╭──

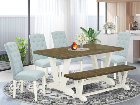 This 6-pc kitchen dining room set consists of 4 upholstered dining chairs, 1 modern dining room table and a small bench. These kitchen chairs have a Linen Fabric seat, Button Tufted Chair Back, and the kitchen dining table includes a rectangular top and Wooden Legs. The upholstered dining chairs seat and the chair back are made of Linen Fabric in a Baby Blue color upholstered dining chairs hardwood structure and the Linen Fabric seat is simple to clean. You can clean dirt quite simply and often save time by using a damp cloth. This dining chair and the modern dining room table are a great choices for your dining room or kitchen. The easy frame of the kitchen chairs and the kitchen dining table as well as screws of the same size allow a simple and fast build.
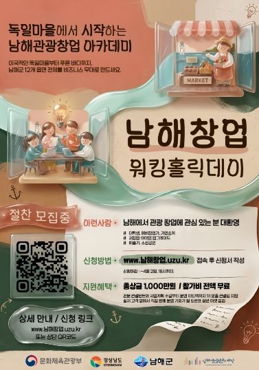 [경남도민뉴스=김부경 기자] 남해관광문화재단은 관광 기반 창업 몰입 프로그램 ‘남해 창업 워킹홀릭데이’에 함께할 참가자를 오는 4월 2일까지 모집한다고 밝혔다.
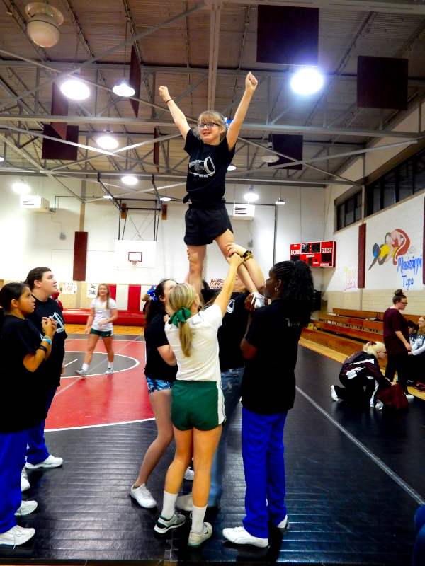 Cheerleading is for 7-12th grade students. The team consists of any student who wants to try cheerleading. Out of the students interested in Cheerleading, a competitive team is chosen. The competition team can have up to 6 members who are willing to work hard and learn.
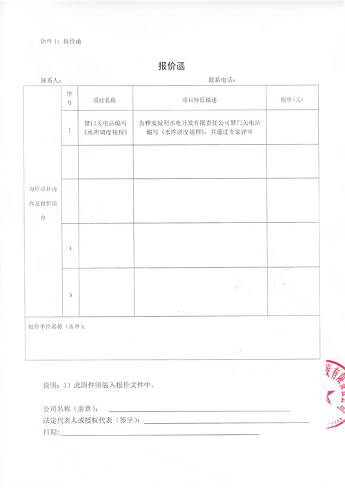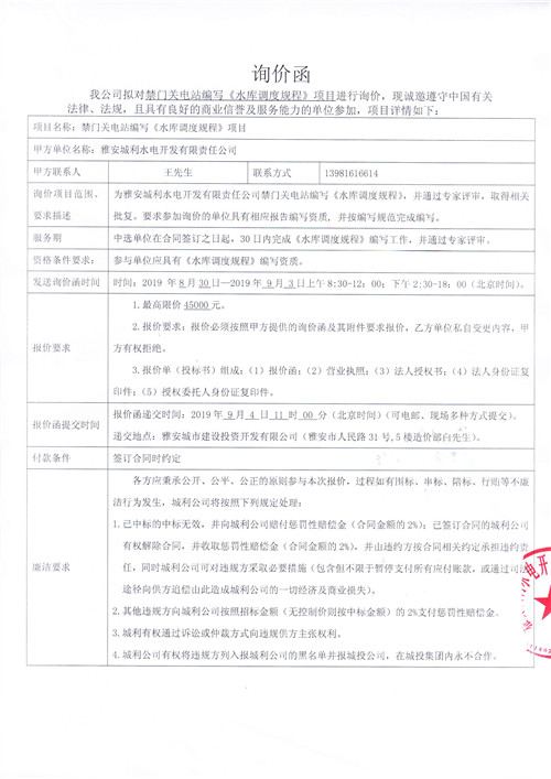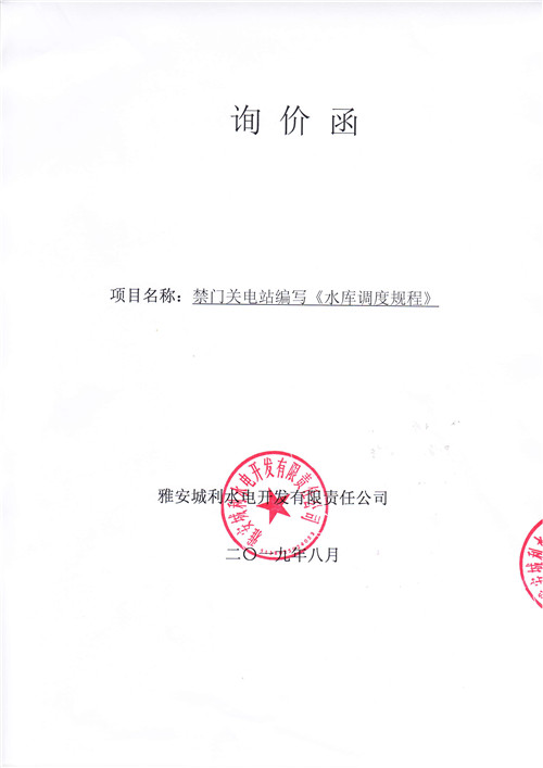 雅安城利水電開發(fā)有限責任公司禁門關電站編寫《水庫調度規(guī)程》競爭性談判公告
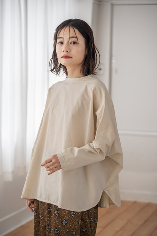 ゆったりとしたドルマンシルエットでありながら、肩に斜めに施されたヨーク切替が視線を引き締め、全体のシルエットをすっきりと見せてくれるのが魅力。
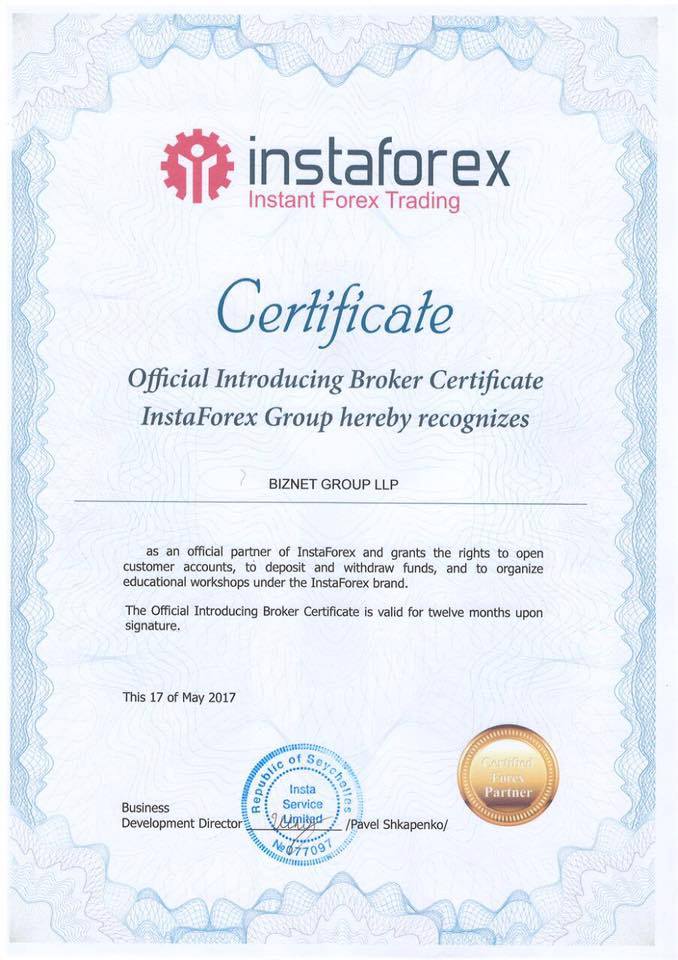 Biznes je oficiálnym partnerom spoločnosti instaforex, čim získava právo predávať svoj projekt na finančných trhoch. Organizovať semináre po celom svete.

╰──

_TASK DIRECTIONS_: Between and including the line above that contains "雅安城利水電開發(fā)有限" and the line that contains "ゆったりとしたドルマンシルエ", restate every line word for word. Pictures stay out.

_RESPONSE FOR THIS EXERCISE_:
 雅安城利水電開發(fā)有限責任公司禁門關電站編寫《水庫調度規(guī)程》競爭性談判公告
 ゆったりとしたドルマンシルエットでありながら、肩に斜めに施されたヨーク切替が視線を引き締め、全体のシルエットをすっきりと見せてくれるのが魅力。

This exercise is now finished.